Уиберг смущенно, через силу усмехнулся.--Право, я вас не понимаю
сэр. Но он прекрасно понял. Непонятно было другое: откуда у
Дарлинга сведения, которые помогли додуматься до такого вопроса?
Все десять лет важнейший секрет Службы Контроля охранялся самым
тщательным образом.
– - Если вы не желаете отвечать на мой вопрос, так и мне на ваши
отвечать необязательно,--заметил Дарлинг.--Но не станете же вы
отрицать, что у вас в кармане лежит мой некролог?

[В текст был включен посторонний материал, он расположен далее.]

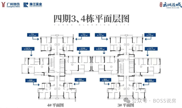 A1:目前在售主要为四期新增产品,包括72㎡三房、88㎡四房、112㎡四房、117㎡五房、119㎡五房等户型。一、二、三期基本无多余单位,主要以清尾货为主。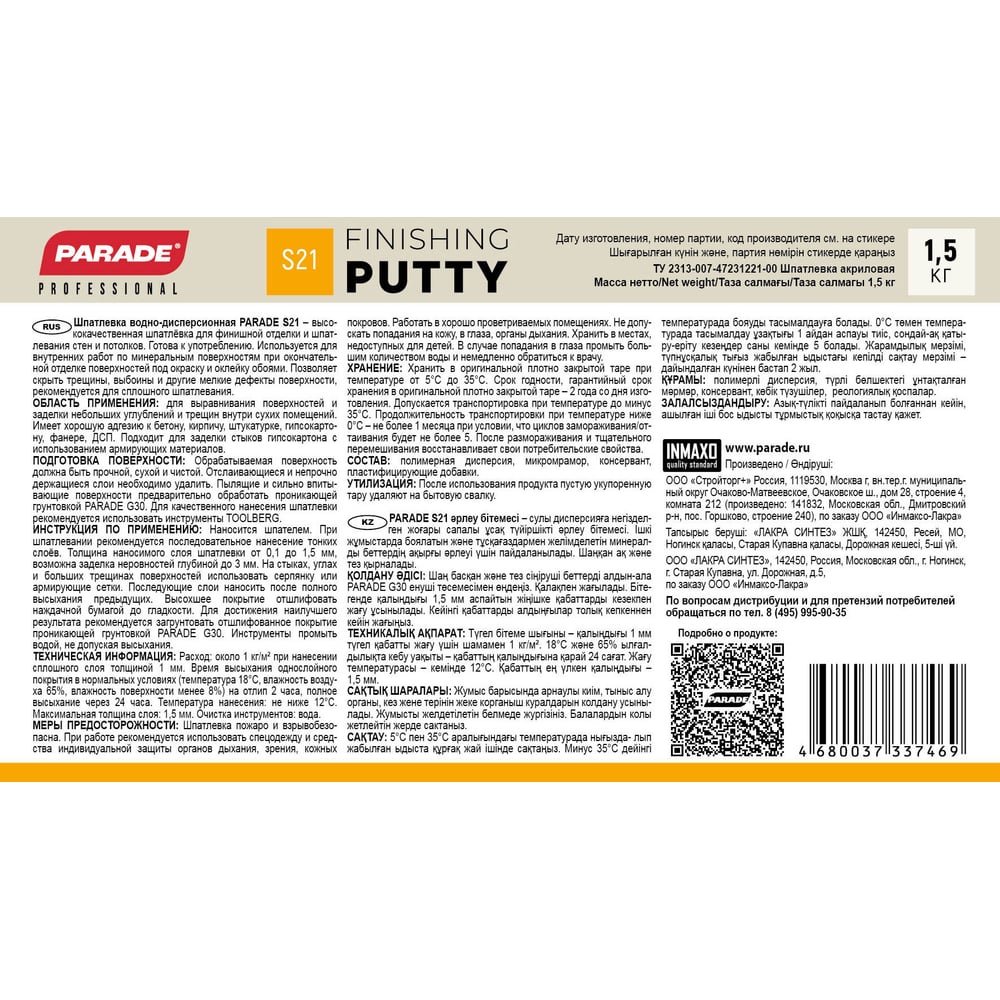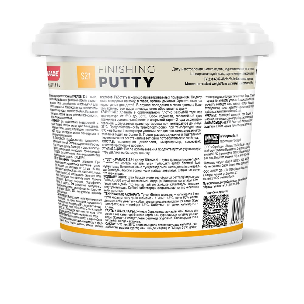 Шпатлевка акриловая PROFESSIONAL S21 финишная 1,5 кг Россия PARADE Лк-00011759

Обычное подозрение, Уибергу не раз приходилось с ним
сталкиваться, и проще простого было ответить словно бы прямо и
чистосердечно.
– - Да, правда. Но ведь вы, конечно, знаете, что у "Таймс", да и у
каждой большой газеты и крупного агентства печати заготовлены
некрологи на случай несчастья с любым выдающимся деятелем, с
любой знаменитостью. Естественно, время от времени наши сведения
приходится подновлять; и, естественно, каждый репортер, когда его
посылают брать у кого-нибудь интервью, для справок в них
заглядывает.
– - Я и сам начинал как журналист,-- сказал Дарлинг.-- И прекрасно
знаю, что большие газеты обычно поручают такую пустяковую работу
новичку, молокососу, а вовсе не специальному корреспонденту за
границей.
– - Не всякий, у кого берут интервью, удостоен Нобелевской
премии,-- возразил Уиберг.-- А когда нобелевскому лауреату
восемьдесят лет и сообщалось, что он болен, взять у него
интервью, которое может оказаться последним,-- задача отнюдь не
для молокососа. Если вам угодно, сэр, считать, что цель моего
прихода всего лишь освежить данные некролога, я бессилен вас
переубедить. Пожалуй, в моем поручении есть и нечто зловещее, но
вы, конечно, прекрасно понимаете, что это в конечном счете можно
сказать почти обо всякой газетной работе.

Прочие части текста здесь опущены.